If It Makes You Happy(5)
I hold up my hands. “I didn’t say anything.”
Carol flicks her lighter, takes in a breath, then blows the smoke through the corner of her mouth in the opposite direction.
“I’m a basket case,” Carol moans.
If people were pastries, Carol would be a cannoli. When you take a bite of a perfect cannoli—even though it’s perfect—it cracks apart, and all that’s left is a gooey center. Carol is always on the verge of showing her soft side.
I sigh, dropping my arm over her shoulders. “You’re not a basket case.”
“I never get anything right.”
Carol’s always critical of herself, but she’s been too critical lately. We’ve all been on edge since Birdie Cadell passed this summer, and we all cope in different ways. I overbake. Carol smokes. At least she does it far enough from the bakery that the smell of her smoke won’t permeate the store.
She flicks her hand around, smoke trailing with it. “Do you ever feel like that? Like a loser?”
“No.”
She shoots me a look, and I grin.
“Listen, we make sure the croissants are fluffy and that the door opens at six.” I grip her shoulder with my palm and shake. “If we get that right, there are no problems. It’s just a bakery, Carol.”
She tilts her head to the side. “Just a bakery,” she mocks. “You’re such a liar.”
She’s right. Of course it’s not any old bakery; it’s our bakery—a bakery I dived into headfirst two years ago and one that thrives more than it has any right to. Burke’s Bakery is both my biggest accomplishment and one of my biggest problems. I love it.
“The cupcake painting doesn’t matter, all right? You’re doing great. Promise.”
Carol gives a weak smile. I pull her in for a side hug.
“Thanks,” she mumbles.
“Now, let’s get going.”
Carol scrunches her nose. “You’re not the boss of me.”
I bark out a laugh. “Technically, I am.”
“I hate you sometimes.”
“Not as much as Emily does.”
She snorts. “Are you kidding? Emily idolizes you.”
“Oh, right.” I snap my fingers. “Forgot it was the opposite. My daughter loves me.”

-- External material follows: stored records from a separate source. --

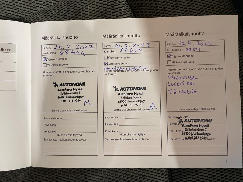 - Täydellinen huoltokirja
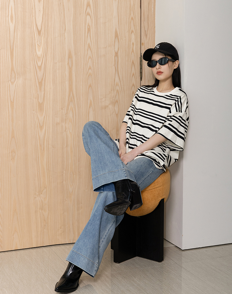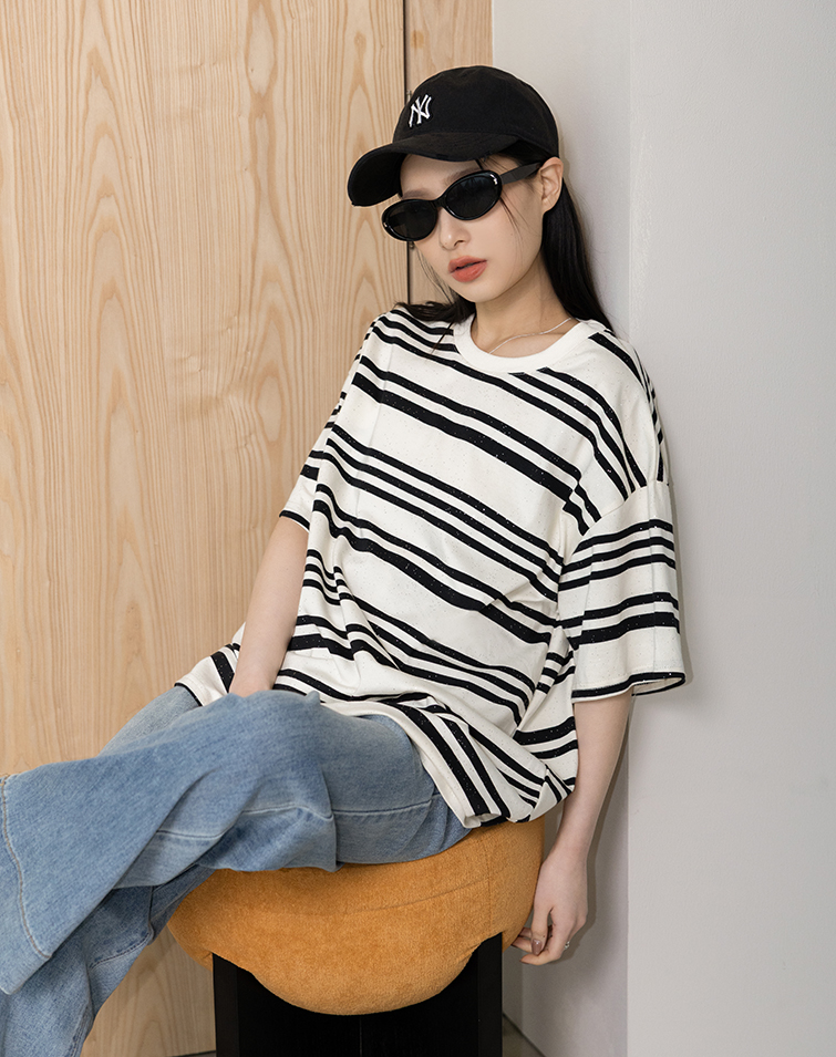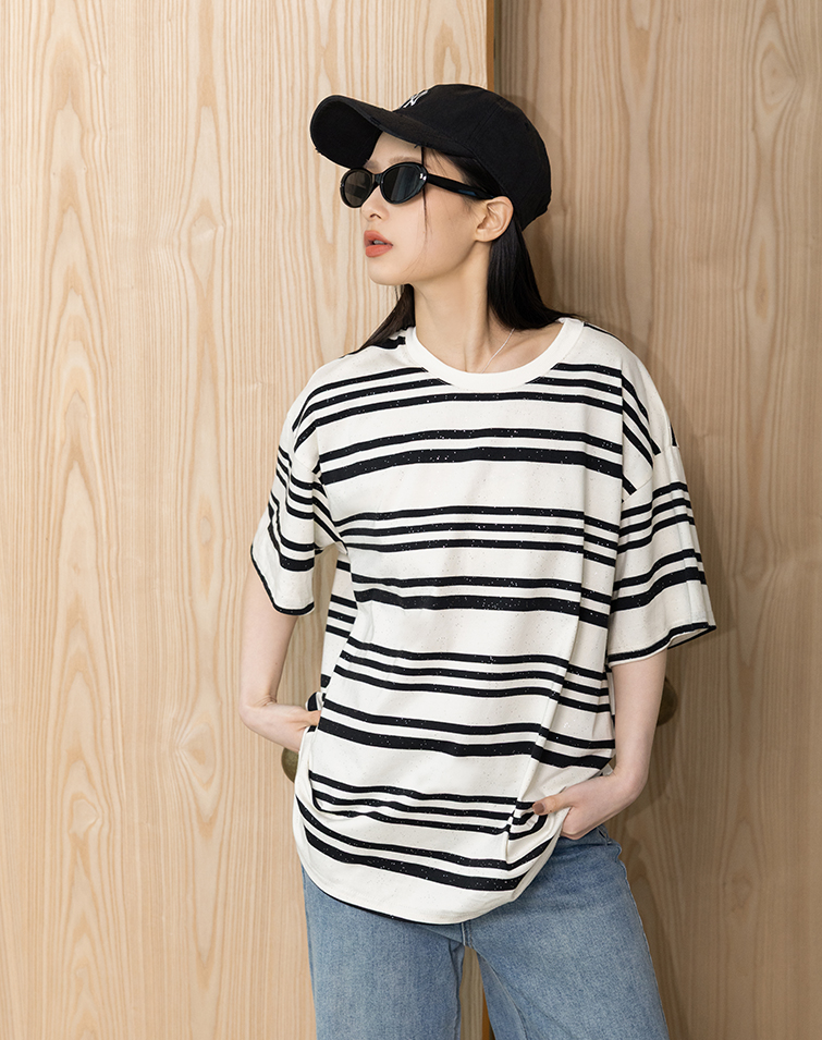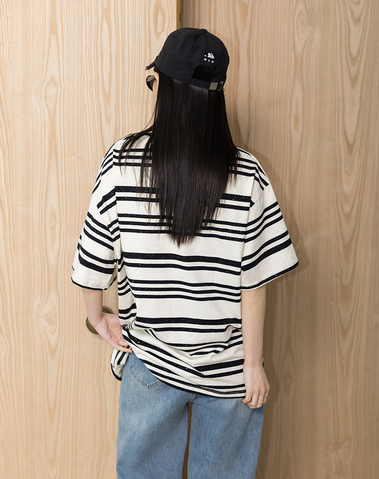 Loose / Unique sparkle detailing / Slimming horizontal stripes
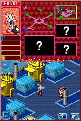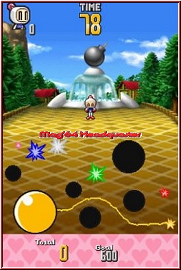 Im Piraten-Freizeitpark angekommen, dürft Ihr Bomberman komplett mit dem Touchpen steuern und durch die teils arg verwinkelte Landschaft führen. Eine Karte auf dem Topscreen gibt Euch Aufschluss darüber, wo Ihr Euch derzeit befindet und welche Bereiche Ihr bislang noch nicht erkundet habt. Die Spielwelt ist in verschiedene Zonen aufgeteilt (Pik Zone, Karo Zone, Herz Zone, Kreuz Zone) innerhalb derer verschiedenste Attraktionen zu finden sind, die Ihr mit Eurem Alter Ego besuchen könnt. Selbstverständlich ist nicht jeder Ort von Anfang an zugänglich, allerdings werdet Ihr durch erfolgreiches Abschließen von unterhaltsamen Spielen Karten in Euren Besitz bringen, die wiederum Tore zu neuen Bereichen öffnen. So gibt es in der blauen Pik Zone blaue Karten, jeweils eine nach erfolgreichem Minispiel. Also steuert Ihr Weiß Bum zum nächsten Haus, wo es sogleich mit der Action losgeht. Ausgezeichnet fanden wir, dass die Entwickler alle nur erdenklichen Touchscreen-Verwendungen in das Spiel einbauten. So müsst Ihr in einem Spielchen beispielsweise Bomberman auf Kugeln balancieren lassen und durch Rollbewegungen gen Ziel beschleunigen. Zwischendurch hüpft dieser von Kugel zu Kugel, um einem Zusammenstoß entgehen zu können. Ein anderes Mal versucht Ihr den Protagonisten weit in den Himmel zu katapultieren, um dort befindliche Bomben zur Explosion zu bringen und die Zielmarkierung zu erreichen. Ebenso witzig sind die zahllosen Versuche eine Plattform von kurz vor der Zündung stehenden Sprengsätzen zu befreien, die Ihr mit mächtigen Touchpen-Zügen über den Rand der Ebene hinaus bugsiert. Bei einer eventuellen Explosion erscheint Bomberman nach wenigen Sekunden wieder auf dem Bildschirm.
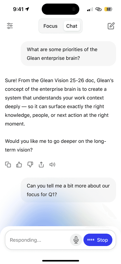 Voice mode is currently in beta with 30+ Glean customers. It brings together the conversation loop, Focus and Chat modes, interaction states, onboarding, voice settings, and agentic actions into a single, cohesive product — designed to feel native to Glean and ready for real use. Customer feedback has been overwhelmingly positive — users are returning daily, and the reception has reinforced that voice fills a real gap in how people want to engage with Glean throughout their day.
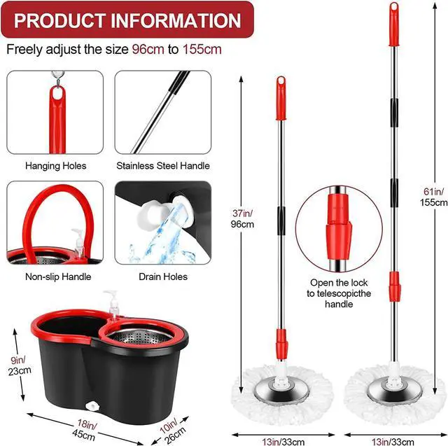 Adjustable Handle~~The telescopic mop handle allow you to adjust according to your height, so you don't have to bend over when cleaning. The stainless steel handle can be extended to 61 inch. The hook design on spin mop bucket set can save storage space for you.
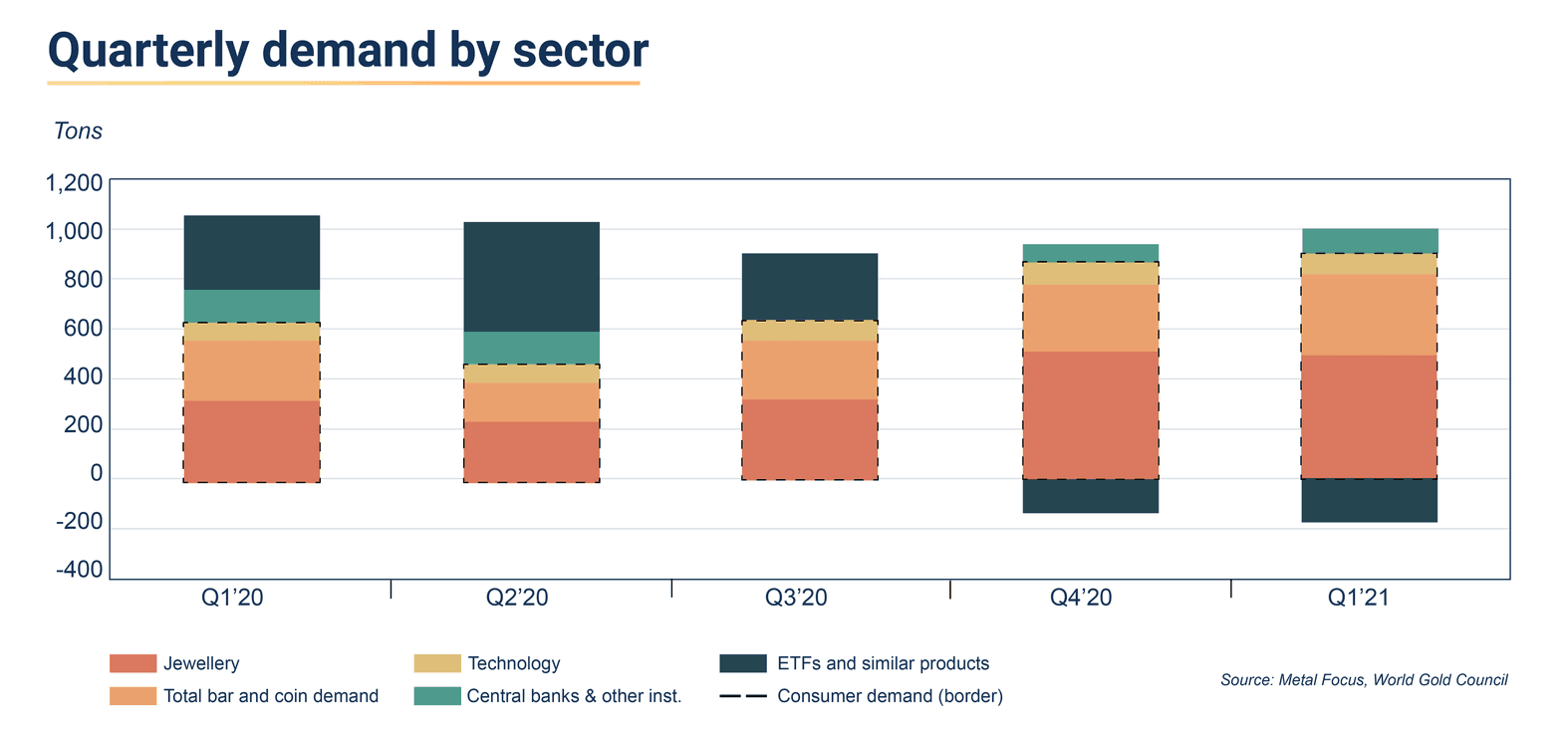 Nel primo trimestre del 2021, la domanda di oro fisico da parte dei consumatori è aumentata, con una crescita del 36% su base annua degli investimenti in lingotti e monete. Date un’occhiata al grafico.
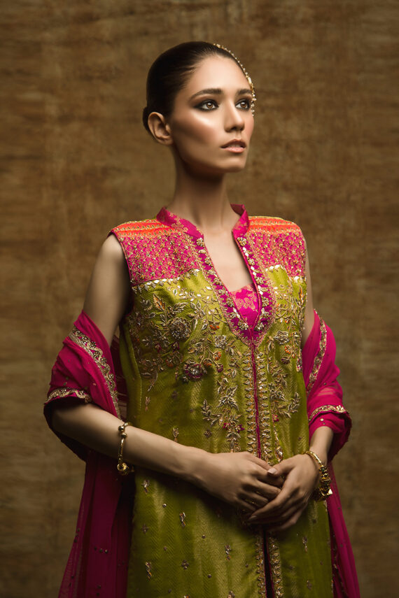 Ideal for Mehndi or Mayoun event delicate gota work on jacket. Sleeves can be added on request in the jacket. Dupatta has star burst sprinkle and finished with gota edging. Model is wearing 48 inches length shirt and 42 inches gharara. Fabric is Pakistani silk and net dupatta. Matching groom’s outfit can be ordered.
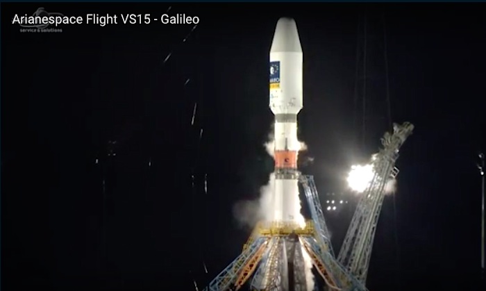 Designated VS15 in Arianespace’s numbering system, next week’s mission is scheduled to lift off at precisely 5:48:43 a.m. a.m. local time in French Guiana, with its Galileo satellite passengers to be deployed into a targeted circular orbit during a flight lasting approximately 3 hrs., 47 min.
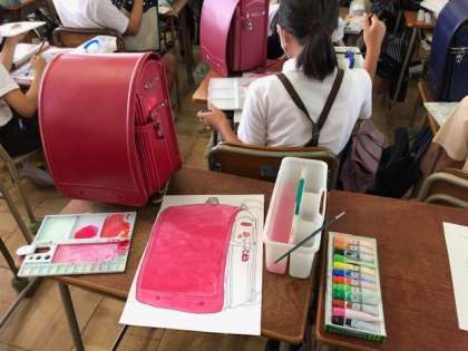 わたしのランドセルをテーマによく見ながら混色して、ちょんちょん塗りを意識しながら描き進めています。
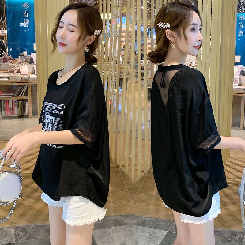 | nameOriginal | Summer Korean version of plus size 200kg loose short-sleeved shirt women's fat watch lace stitching mesh backless top |
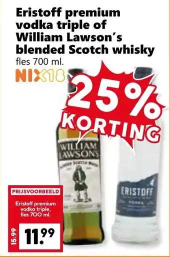 Eristoff premium vodka triple of William Lawson's blended Scotch whisky aanbieding en online acties bij Coop
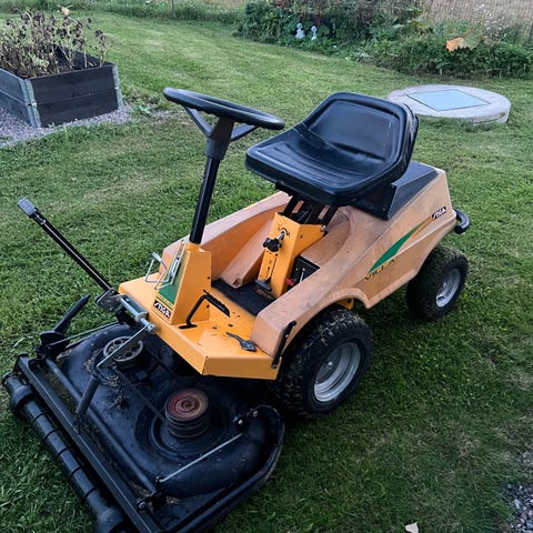 Tuollainen projekti. Putsaamaton ja likainen. Mutta sen alta löytyy ihan hyvä laite! Moottori 8hp B&S .Leikkuupöytä kohtuukuntoinen. Koneeseen löytyy myös katteet ja vaihdelaatikko. Vaihteiston kiinnikkeitä hitsattu. Nouto

“You ass,” Carol hisses through a reluctant smirk, pushing my shoulder. “One day, she’ll be a normal teenager and see the light.”
“Don’t jinx me.”
“Maybe she’ll turn out to be a mess, like her dear ol’ aunt,” she muses, taking another inhale of her cigarette. “Oh God, I’m a mess.”
I take the butt from her fingers and press it into the ashtray on the park’s trash can.
“I do hate you,” she says through narrowed eyes. “I mean it this time.”
“I’m sure you do.”
I lean against the lamppost but startle as orange lights wound around the pole stab into my back. Copper Run’s square is decorated for the Harvest Festival. Haystacks line the walkways, scarecrows stand erect beside the white gazebo, and crowds of pumpkins form a small patch in the corner of the park. I need to decide what I’ll bring to my booth this year. Last year, Burke’s Bakery sold out of our apple crumb cakes.
Carol kicks out a foot, scratching fallen leaves on the sidewalk. “So … has the evil queen called?”
I rap a fist against the lamppost and tongue my cheek. “That’s not nice.”
“Has she?”
“No,” I answer. “And there were no messages for me, right?”
“Nope.”
I nod to myself. “Then no. Nothing.”
“That’s normal though.”
“Unfortunately.”
My ex-wife makes weekly calls from New York to our daughters, but it’s not uncommon if she misses one. I’ve called her twice since Sunday, but I reached her answering machine both times. It’s been two years since Tracy left Copper Run, and I worry about her, but I worry about her relationship with our daughters more.
If Carol is a cannoli, Tracy is a yule log—more difficult to bake than it needs to be and only seen by me at Christmas.
Carol places a gentle hand on my shoulder. I give a half-hearted smile.
“Let’s go,” I say. “Smoke break is over.”
“You got it, boss.”
“I knew you’d come around.”
We move to cross the street, but down the sidewalk, striding toward the bakery, are my two daughters. I consider that maybe my watch is slow, but when I look—no. School is not out yet.
“What the—” I stride across the pavement, holding out a palm to stop our florist, Sandra, from hitting me with her van.
She playfully honks, but her smile drops when she spots my worried expression.
“Sorry, Cliff!” she calls out the window.
I give a passive thumbs-up.
I catch up to my sixteen-year-old daughter, already sliding her backpack down one arm, key chains rattling on the concrete.
“Emily, what happened?” I ask, darting my eyes between them.
Emily shrugs. “I saw Brittany outside the video store.”